Dataset entries>
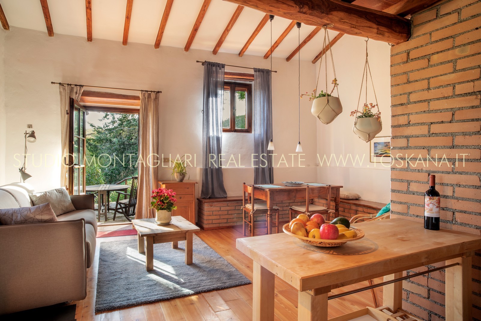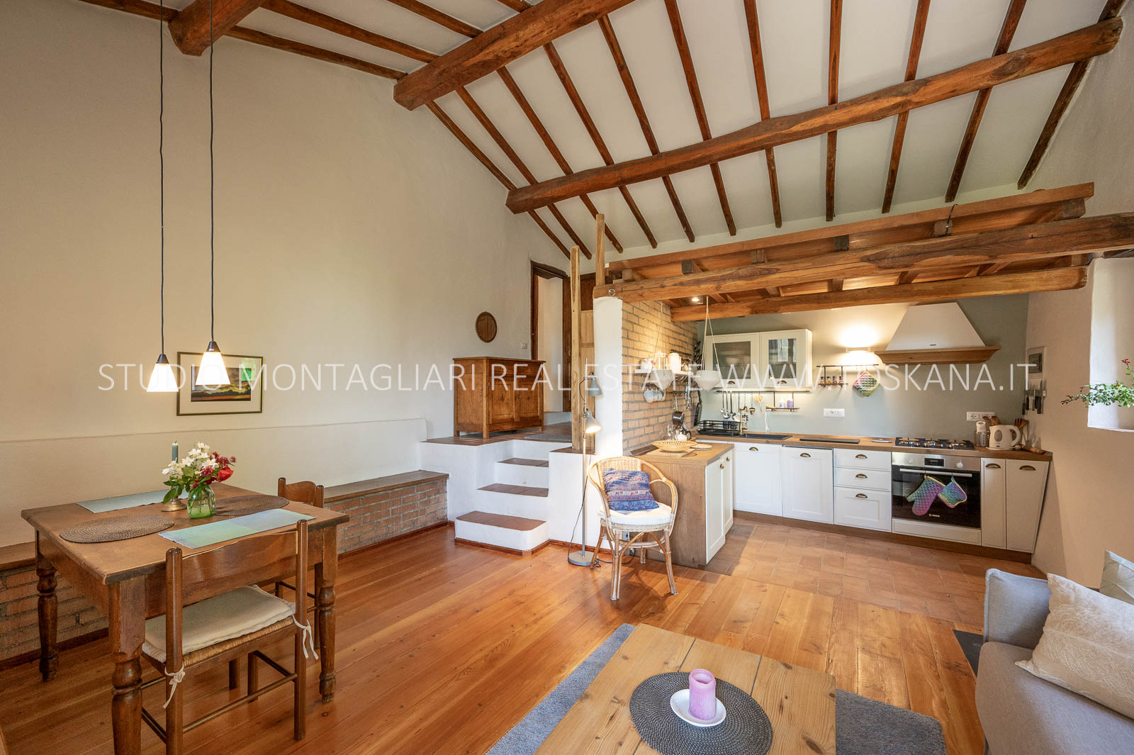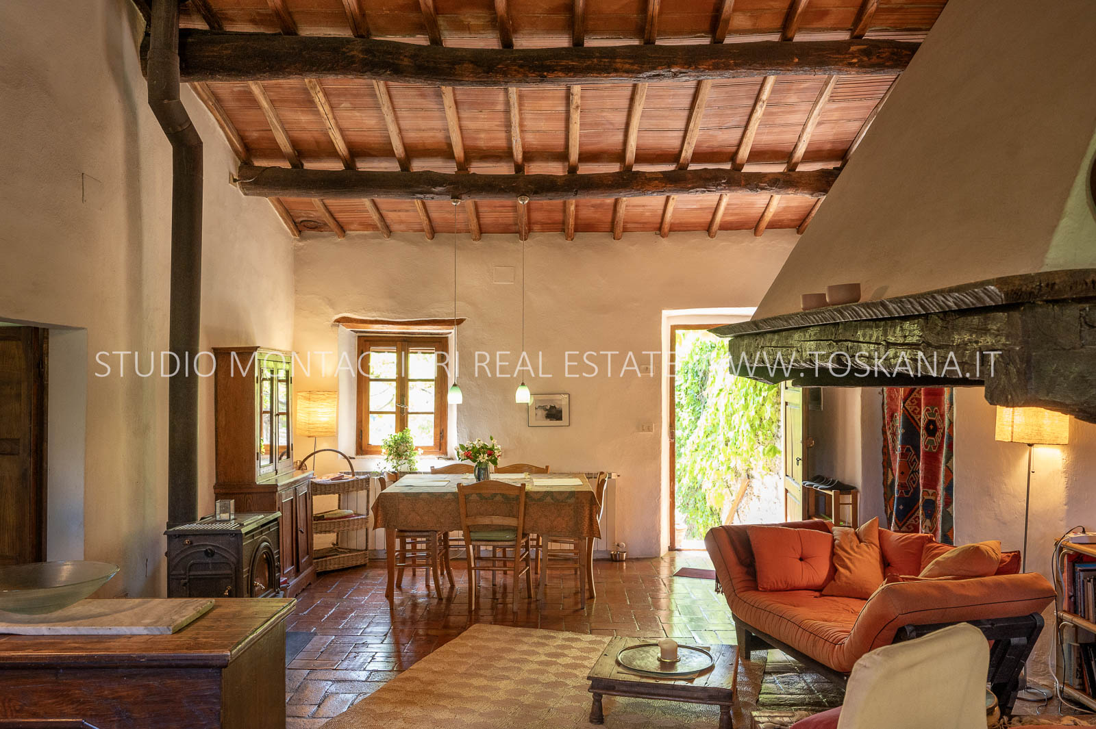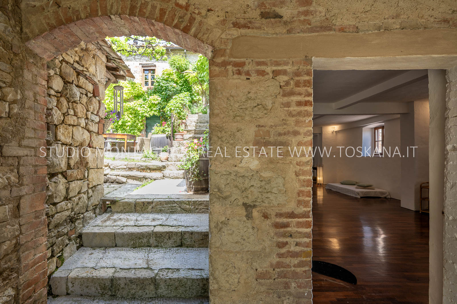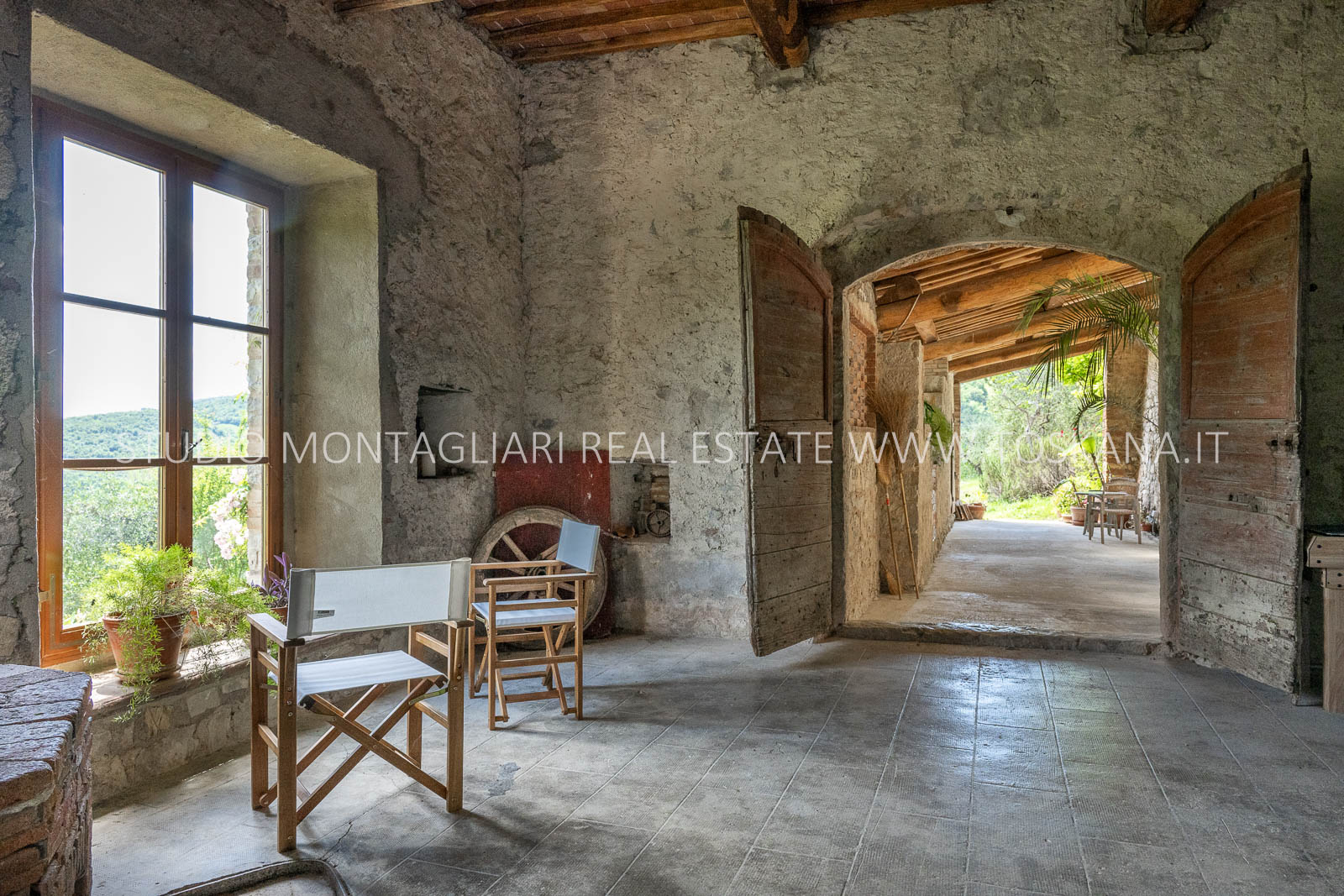 La superficie abitabile totale è di 585 mq, con ulteriori 480 mq disponibili per nuovi sviluppi. Questi includono una splendida loggia, un ampio ex locale vinicolo a livello del suolo con grandi finestre, e un fienile non ristrutturato di 100 mq con il potenziale per realizzare due ulteriori appartamenti.Gli ambienti sono spaziosi, inondati di luce naturale e godono di viste panoramiche mozzafiato sulla natura circostante, fino al Monte Amiata, distante 70 km.
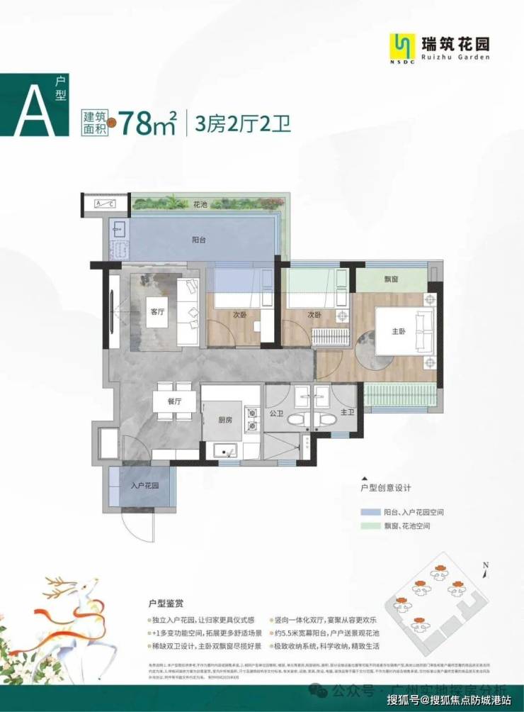 94㎡4房2厅2卫,高拓展入户花园,四开间朝南南北对流,主卧套房设计,270°瞰景飘窗。
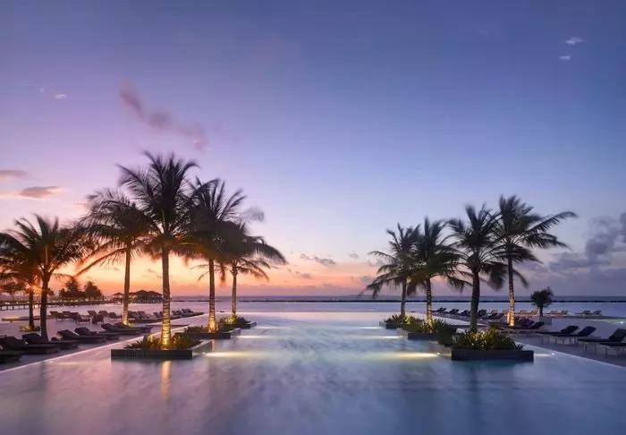 Resorten har et evighetsbasseng med utsikt over den turkise lagunen. Her kan du slappe av på en solseng eller en luftmadrass eller kanskje svømme et par lengder.
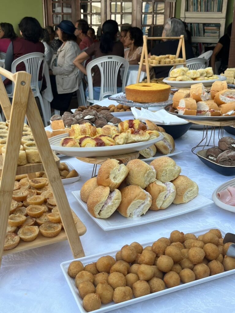 Após os momentos de orientação e cuidado com a saúde, os participantes se reuniram para celebrar os aniversariantes do mês, com direito a parabéns e uma farta mesa de café da manhã com variedade e sabor.
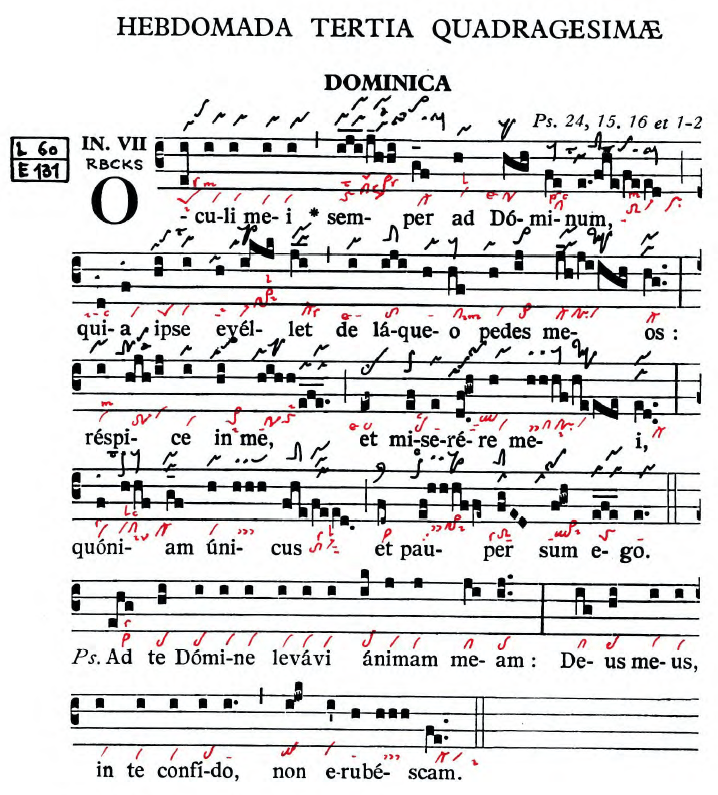 Semper es la palabra más importante. Acordémonos del III domingo de Adviento, cuando la primera parte del introito Gaudete nos dirigía en una especie de crescendo también a la palabra semper. Gaudete in Domino semper. El III domingo de Adviento nos llamaba a regocijarnos siempre en el Señor. Este III domingo de Cuaresma nos invita a mantener los ojos, la mirada, siempre en el Señor. Esta palabra es el punto culminante de la primera semifrase. Tras ese semper intensificado, muy especialmente en el códice de Laon, decimos ad Dominum en un ambiente mucho más fluido y a la vez relajado; pero como si aún escucháramos resonar la palabra semper.
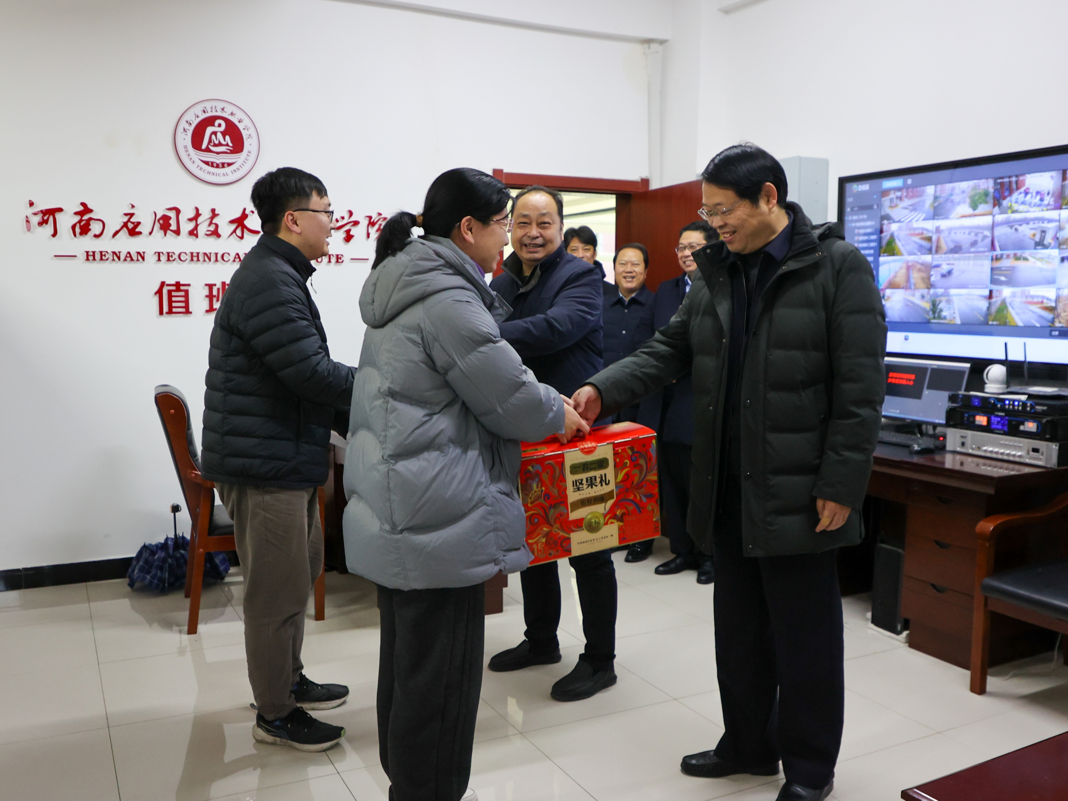 祥龙腾空辞旧岁,金蛇献瑞迎春来。乙巳蛇年春节前后,校党委书记闫俊山、校长薄新党亲切走访慰问春节期间坚守岗位的值班工作人员和一线值守人员,向大家送去节日问候和新年祝福。党委副书记、开封校区管委会主任魏新华,副校长刘振民、常新中陪同走访慰问。
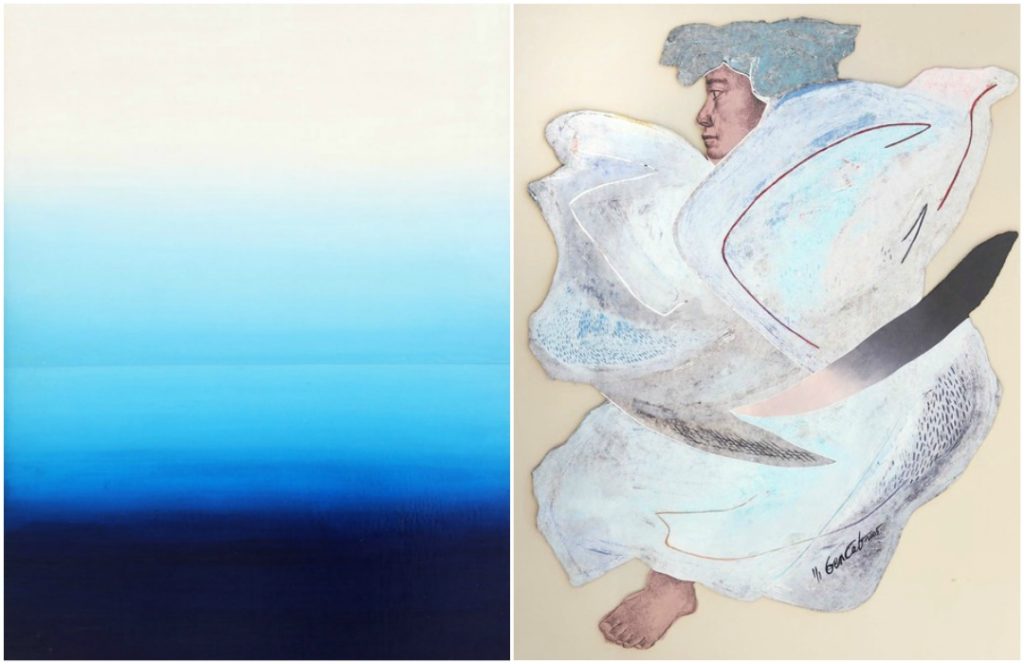 All Blue No. 3 by Lee Aguinaldo, signed and dated 1992; acrylic on marine plywood; 32” x 19” (81 cm x 48 cm) and Man – Mono III by Benedicto Cabrera, signed and dated 2005; woodcut, collagraph, and etching on STPI handmade shaped paper, printed from 4 woodblocks and 2 copper plates; 65” x 50” (165 cm x 127 cm).
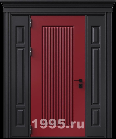 Стальная термодверь с металлофиленкой, вставками по бокам, карнизом и двухцветным порошковым окрашиванием RAL 3004 и RAL 9004 (тип №2)
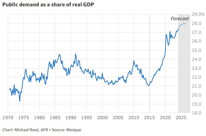 The cause of higher food (and other) prices was an increase in demand fuelled by monetary and fiscal policy, and the only people to blame work(ed) in Parliament House and Martin Place. Albo is trying to deflect attention away from his own government, which is spending more as a share of GDP than any government in Australia’s history:
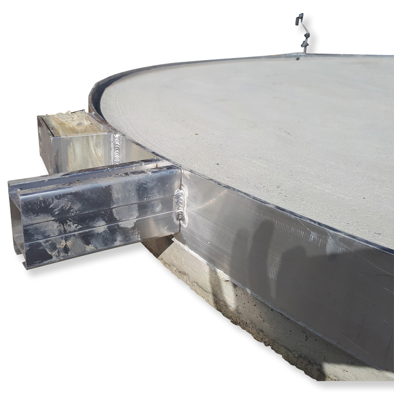 Aluminiumring mit eingegossener Betonplatte. Inkl. 4 Ösenschrauben für den Transport. Nach WA Anforderungen. Ø 2,135 m. Behindertengerecht für rollstuhlgerechten Einsatz.
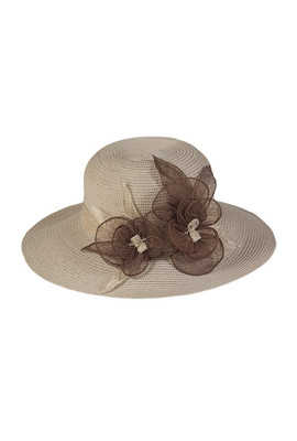 ЛЕТНЯЯ ШЛЯПА ОТДЕЛКОЙ В ВИДЕ ЦВЕТОВ ИЗ СИНАМЕЙ - 004.23 бежевый
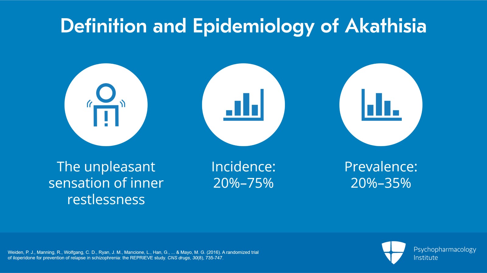 It’s a syndrome that’s often characterized by the inner feeling that one has to move or fidget and people will often shuffle their feet or shift in their chair or get up and pace. The incidence is between 21% and 75% onset after exposure to the drug per year. The prevalence is somewhere between 1 in 5 and maybe as high as 35% or more of patients will develop akathisia when exposed to the medications that cause it.
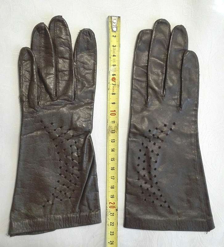 Dunkelbraune Damen Echtlederhandschuhe aus feinem Glattleder mit Lochmuster. Ungefüttert.

What is needed> The lines wanted run from the first one in the material above through the line containing "All Blue No."; give them again exactly, leaving out the pictures.

Output of the task>
 La superficie abitabile totale è di 585 mq, con ulteriori 480 mq disponibili per nuovi sviluppi. Questi includono una splendida loggia, un ampio ex locale vinicolo a livello del suolo con grandi finestre, e un fienile non ristrutturato di 100 mq con il potenziale per realizzare due ulteriori appartamenti.Gli ambienti sono spaziosi, inondati di luce naturale e godono di viste panoramiche mozzafiato sulla natura circostante, fino al Monte Amiata, distante 70 km.
 94㎡4房2厅2卫,高拓展入户花园,四开间朝南南北对流,主卧套房设计,270°瞰景飘窗。
 Resorten har et evighetsbasseng med utsikt over den turkise lagunen. Her kan du slappe av på en solseng eller en luftmadrass eller kanskje svømme et par lengder.
 Após os momentos de orientação e cuidado com a saúde, os participantes se reuniram para celebrar os aniversariantes do mês, com direito a parabéns e uma farta mesa de café da manhã com variedade e sabor.
 Semper es la palabra más importante. Acordémonos del III domingo de Adviento, cuando la primera parte del introito Gaudete nos dirigía en una especie de crescendo también a la palabra semper. Gaudete in Domino semper. El III domingo de Adviento nos llamaba a regocijarnos siempre en el Señor. Este III domingo de Cuaresma nos invita a mantener los ojos, la mirada, siempre en el Señor. Esta palabra es el punto culminante de la primera semifrase. Tras ese semper intensificado, muy especialmente en el códice de Laon, decimos ad Dominum en un ambiente mucho más fluido y a la vez relajado; pero como si aún escucháramos resonar la palabra semper.
 祥龙腾空辞旧岁,金蛇献瑞迎春来。乙巳蛇年春节前后,校党委书记闫俊山、校长薄新党亲切走访慰问春节期间坚守岗位的值班工作人员和一线值守人员,向大家送去节日问候和新年祝福。党委副书记、开封校区管委会主任魏新华,副校长刘振民、常新中陪同走访慰问。
 All Blue No. 3 by Lee Aguinaldo, signed and dated 1992; acrylic on marine plywood; 32” x 19” (81 cm x 48 cm) and Man – Mono III by Benedicto Cabrera, signed and dated 2005; woodcut, collagraph, and etching on STPI handmade shaped paper, printed from 4 woodblocks and 2 copper plates; 65” x 50” (165 cm x 127 cm).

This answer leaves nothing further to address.